Подводы привозили новые станки и машины. Шум все рос. Домашний очаг, некогда подчинявший все своему ритму, теперь уже стал простой дощечкой, скользящей по гребню волн. Грохот заполняет вселенную. Он ни на минуту не может замолчать. Иначе Зимлерам нет спасения.

И как раз в это время ее внимательное ухо впервые уловило подозрительный скрежет. Муж и сыновья еще ни слова не сказали. Но разве обманет чутье? В течение полугода старая женщина видит, как с каждым днем все больше и больше слабеет этот мощный организм.

«О Weh![32] Столько работать, и одни только страхи, одни страхи».

Сара чувствовала, что ближайший платеж будет последним платежом.

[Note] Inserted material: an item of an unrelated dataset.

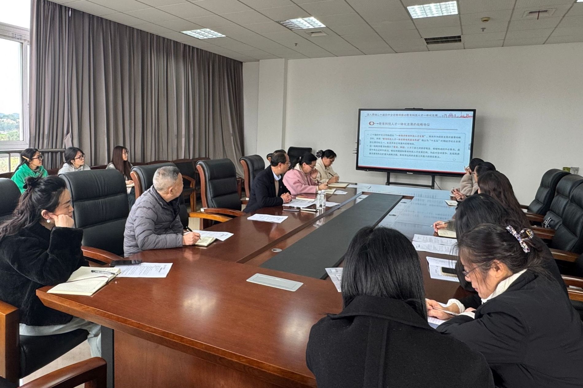 宣讲中,张佳紧扣“一体推进教育科技人才发展”主线,系统解读党的二十届四中全会对教育科技人才的顶层设计与“十五五”规划锚定高质量发展的核心要求。“教育科技人才是全面建设社会主义现代化国家的基础性、战略性支撑。”他强调,这一论断既标定了新时代教育事业的历史坐标,更为职业院校服务国家战略指明了方向。结合“十五五”规划“高质量发展”主题,他指出,高职院校作为技术技能人才培养的主阵地,必须主动融入国家大局,以“服务国家战略需求、对接产业升级需要”为核心定位,在教育链、科技链、人才链深度融合中找准发力点,切实扛起为党育人、为国育才的使命担当。

Рядом с ней лежит человек, тяжелое астматическое дыхание подымает его ребра. Он немало прожил на белом свете. Она знает, что его левое веко не действует с того рокового вечера. Он отдал делу все свои силы. И силы его уходят вместе с мощью их фабрики. Но они уже не вернутся.

«О Weh!» Старуха садится в постели, придвигает к себе ночник, поправляет белоснежный чепчик, туже окутывает шалью худые плечи, достает из футляра очки, открывает библию; и в глубине ночи ее губы шепчут извечные слова, начертанные угловатыми буквами.

IV

На следующее утро рабочие наконец узнали ожидавшую их участь. За прутьями решетки, как тухнущий фонарь, бледным пятном маячило лицо Гийома. И когда хозяева, обойдя всю фабрику, собрались на складе, старшие мастера напраспо отдавали распоряжения, сами чувствуя свое бессилие.

Маленький дядя Блюм, поселившийся у Зимлеров накануне полного своего банкротства, теперь заменял на складе Жозефа. Припадая на больную ногу, он бойко лазил по стремянке. В это утро они собрались впятером — дядя Блюм держался несколько в стороне, — и Ипполит, не снимая цилиндра, как будто он находился в синагоге, открыл заседание:

32

О горе! (евр.)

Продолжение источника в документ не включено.